:: Exercise ::
Pictures stay out, but every line of the data is copied exactly.

:: Data ::
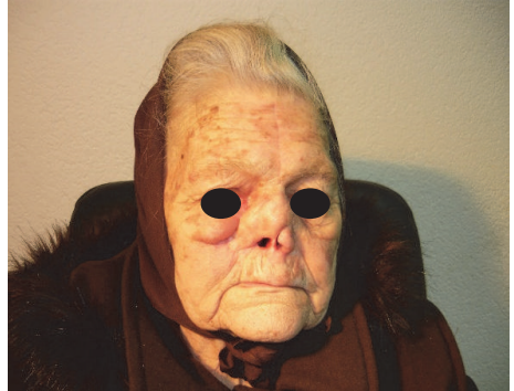
(d) Good aesthetic result nine months after surgery
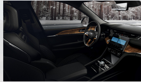
ECX7 - Black Palermo Leather-trim (Standard - Summit Reserve)
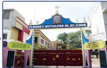
Muthaiyar Higher Secondary School, Panruti.
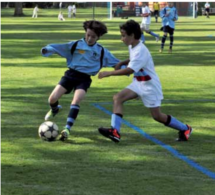
Football v St Catherine, Moorlands, Argentina

A term of rugby and a few weeks of cricket strangely did the boys the world of good, as they tied up the season with a win in the annual Papplewick v St. Catherine Moorlands, Argentina side, with a cracking winning goal to secure victory.
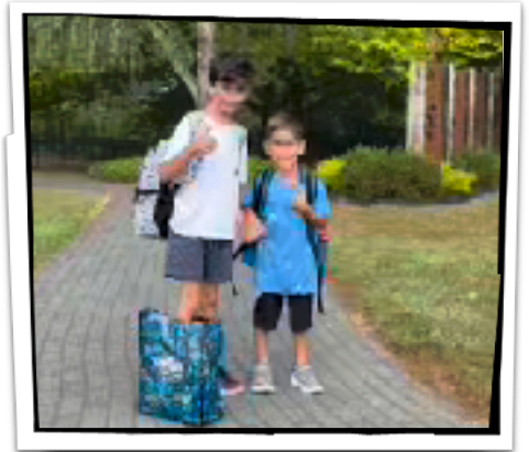
Big brother bringing little brother in for his first day.
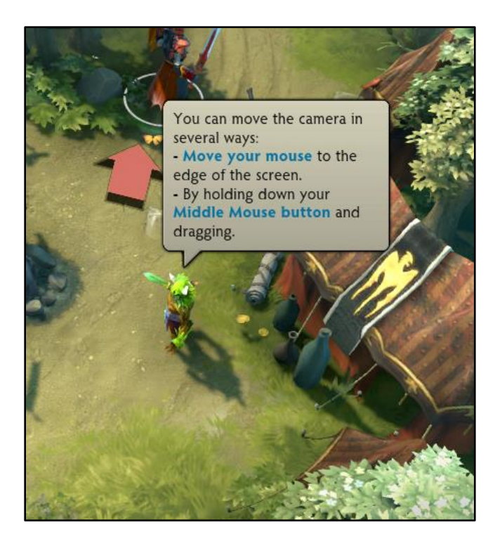
Figure 3. Camera Strategies. The game provides several different strategies for moving the camera (moving the mouse or using the middle mouse button)

Players are then tasked with defeating a single creep (a new problem to face and a new skill to utilize). Once they have defeated that creep (relatively easily), they confront two more. These two creeps also die relatively easily, while the player has gotten additional exposure to the mechanics of combat [Opportunities for Deliberate Practice Principle] . They face one more creep before leveling up (after moving a fair distance across the map, since they have already proven competent at movement). After leveling up, they have earned a new skill (that they manage by using a new portion of the interface), which is then tested by facing three more creeps. It is easiest to defeat these creeps by using the new skill, so the fight is practice in (and a test of) using the new skill
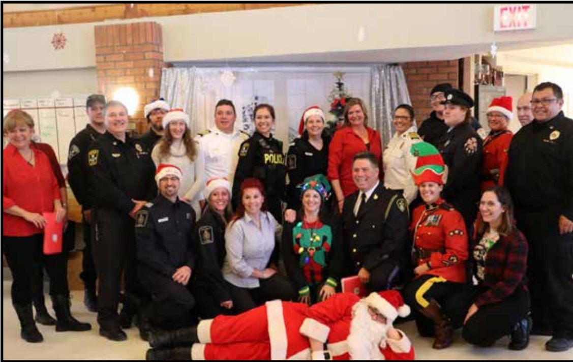
Various law enforcement, including the Akwesasne Mohawk Police Service, made the residents at Iakhihsohtha and Tsiokwanonhso:te very happy with their carolling!
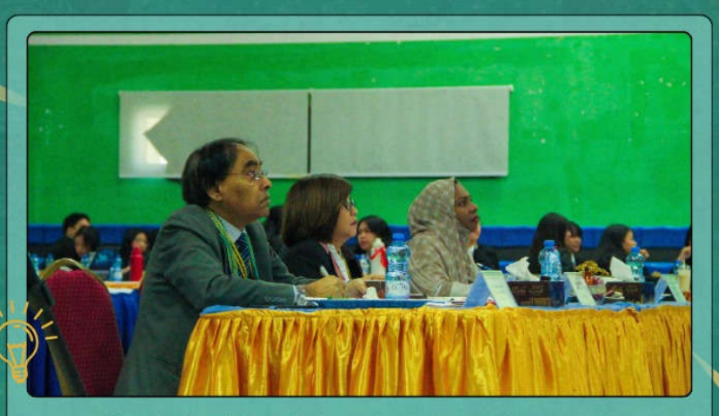
Deep in thought: The judges actively listen to the research presentations.
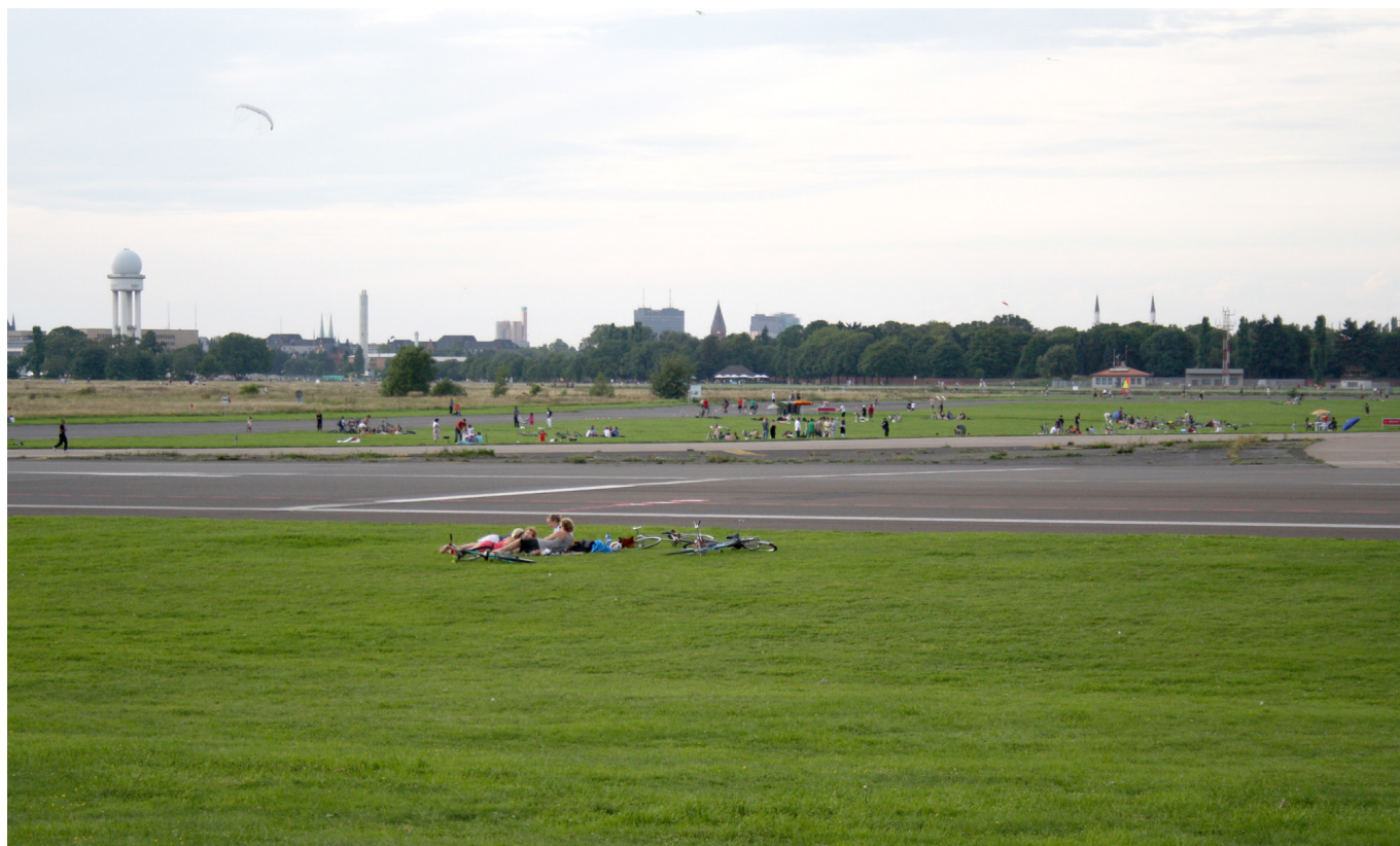
Tempelhof Park in summer 2010
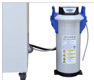
BINDER PURE AQUA Service
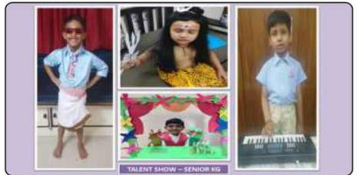
TALENT SHOW - SENIOR KG
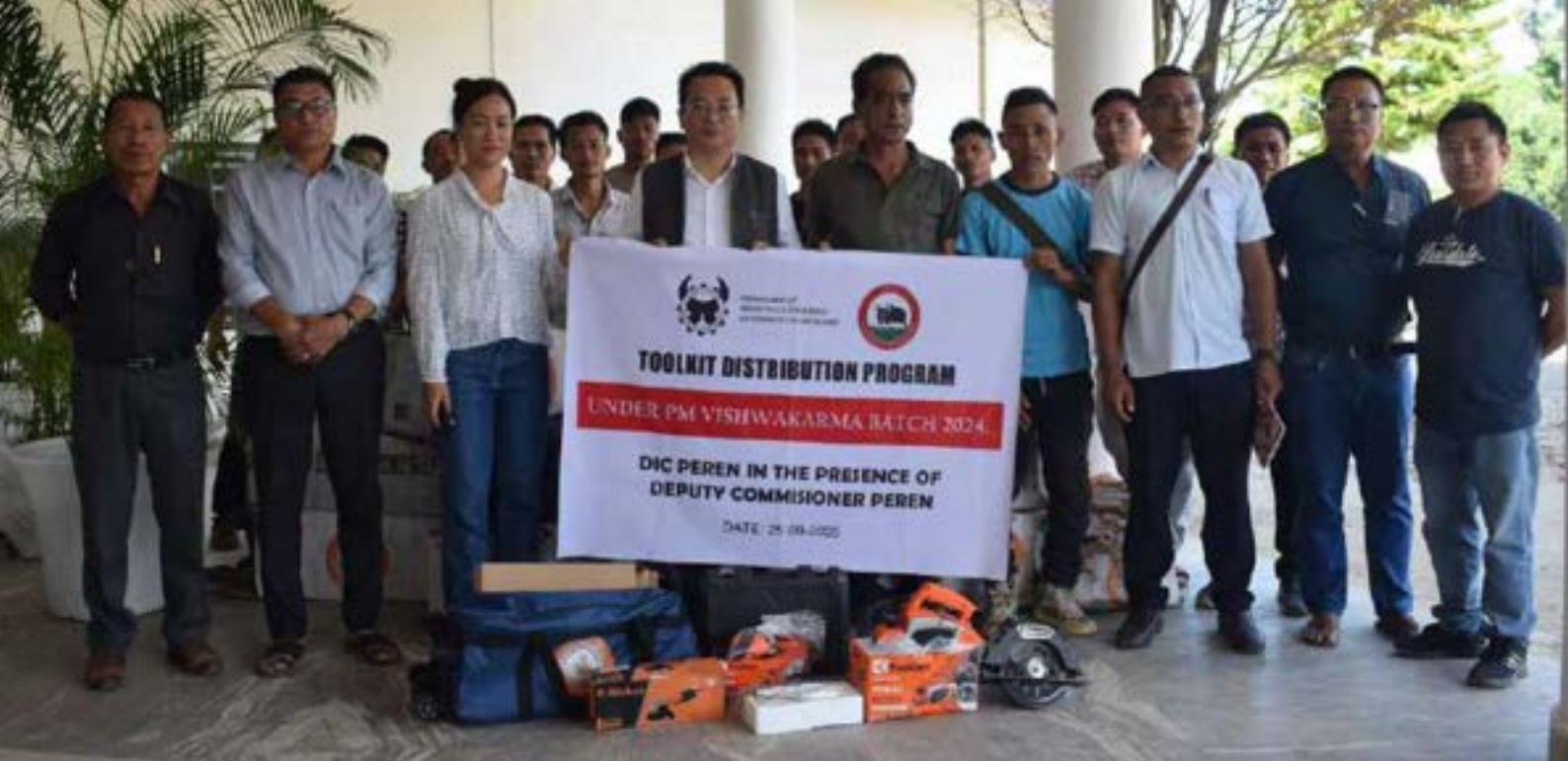
PM Vishwakarma Carpentry trained artisans from Peren District receiving toolkits from the Deputy Commissioner.

:: Response for this exercise ::
(d) Good aesthetic result nine months after surgery
ECX7 - Black Palermo Leather-trim (Standard - Summit Reserve)
Muthaiyar Higher Secondary School, Panruti.
Football v St Catherine, Moorlands, Argentina

A term of rugby and a few weeks of cricket strangely did the boys the world of good, as they tied up the season with a win in the annual Papplewick v St. Catherine Moorlands, Argentina side, with a cracking winning goal to secure victory.
Big brother bringing little brother in for his first day.
Figure 3. Camera Strategies. The game provides several different strategies for moving the camera (moving the mouse or using the middle mouse button)

Players are then tasked with defeating a single creep (a new problem to face and a new skill to utilize). Once they have defeated that creep (relatively easily), they confront two more. These two creeps also die relatively easily, while the player has gotten additional exposure to the mechanics of combat [Opportunities for Deliberate Practice Principle] . They face one more creep before leveling up (after moving a fair distance across the map, since they have already proven competent at movement). After leveling up, they have earned a new skill (that they manage by using a new portion of the interface), which is then tested by facing three more creeps. It is easiest to defeat these creeps by using the new skill, so the fight is practice in (and a test of) using the new skill
Various law enforcement, including the Akwesasne Mohawk Police Service, made the residents at Iakhihsohtha and Tsiokwanonhso:te very happy with their carolling!
Deep in thought: The judges actively listen to the research presentations.
Tempelhof Park in summer 2010
BINDER PURE AQUA Service
TALENT SHOW - SENIOR KG
PM Vishwakarma Carpentry trained artisans from Peren District receiving toolkits from the Deputy Commissioner.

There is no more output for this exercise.